Hablo de la necesidad de explicarnos por qué, dentro de un proceso legal donde se habla de derechos y reconciliación, da soberanamente igual hacerles repetir a las víctimas la experiencia de revivir testimonios de un horror inusitado en la historia de la humanidad: ocurre que su palabra vale tanto como su vida; esa vida que está en la discusión más honda y negada sobre el genocidio. Una vida desechable, sin dignidad, con un valor de utilidad calculada. Esa vida que –¡desde luego!– no amerita ponderarse por encima de las formas procesales.
El sistema se fisuró y la justicia se filtró para pegar un efímero saltito hacia ese otro lado del país. Y removió la mierda. Y la mierda se convirtió en una papa caliente para Ríos Montt, sus patrones y sus subordinados de entonces. Pero también para los magistrados, paralizados hoy ante una evidencia que pesa igual que esa crueldad imposible de procesar mentalmente cuando se lee o se escucha por primera vez. O por segunda, o por tercera.

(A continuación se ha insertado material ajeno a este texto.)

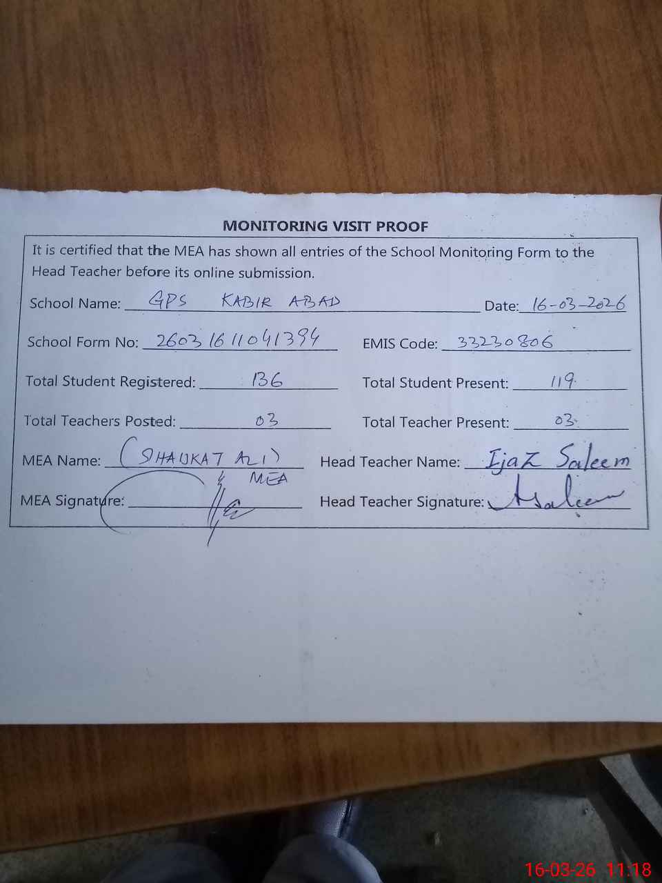 | EMIS Code: 33230806 | Name of School: GPS BASTI KABIR ABAD | |||

Dentro de la ya de por sí cortedad del derecho para las víctimas, el debate ha pendulado entre una y otra esfera: unos hablan de la vida y la reparación, y sus categorías son los móviles del crimen, los excesos o racionalidad de la fuerza, la proporcionalidad de la reparación, el andamiaje histórico y una serie de argumentos de fondo que ya conocemos. Para los otros, la discusión está en una dimensión que no confiesan. Ellos están hablando de otro asunto y otras categorías. Ellos defienden un determinado modelo que se sostiene sobre esos seres que nunca han contado como vidas humanas. Y aunque sus rencillas internas son evidentes, en algo están todos de acuerdo: 30 años después defienden exactamente el mismo orden de cosas. Y convierten el debate sobre una sucesión de desgracias históricas –que al día de hoy siguen teniendo efectos en la vida de la gente a pocos kilómetros de los tribunales– en un frío laberinto jurídico de memoriales e impugnaciones.
Yo me pregunto si la “reconciliación” tiene significado alguno cuando la justicia no lo tiene. Me pregunto qué significa la reconciliación para alguien que, encima de bancarse las pintorescas ceremonias de un proceso respecto del cual podría tener mil y un motivos para desconfiar, ahora quizá deberá repetir todo aquello que con certeza le implica una colección de traumas en la vida, sólo porque el peso de su palabra y su dolor es menor al de un recurso, un ocurso o un amparo servido al calor de gritos neuróticos y bigotudos. Me pregunto cuáles son, ante un drama de este calibre, los límites de la obediencia al derecho.
¿De qué se trata todo esto, más allá del teatro? ¿Cómo sostener la fuerza de un fallo que ha sentado precedente político y simbólico, no sólo hacia la impunidad sistémica que nos afecta a todos, sino hacia un camino de reparaciones históricas que no puede concebirse sin mitigar las injusticias del presente, que incluyen esa conflictividad generada por un gobierno entregado a las corporaciones extractivas y a sus socios locales?
Las fisuras en el sistema son peligrosas para el poder, por la fuerza adicional que insuflan a quienes de todas formas ya están curados en librar batallas largas y a contracorriente. Son peligrosas porque transforman a las víctimas en sujetos de derechos. Y porque los sujetos de derechos saben perfectamente que la reparación no tiene sentido alguno, si no se traduce en medidas concretas que les permitan recuperar el control de su propia vida y de su futuro. Tan claro lo tienen, que lo han estado reivindicando todos estos años. La justicia no se trata de otra cosa.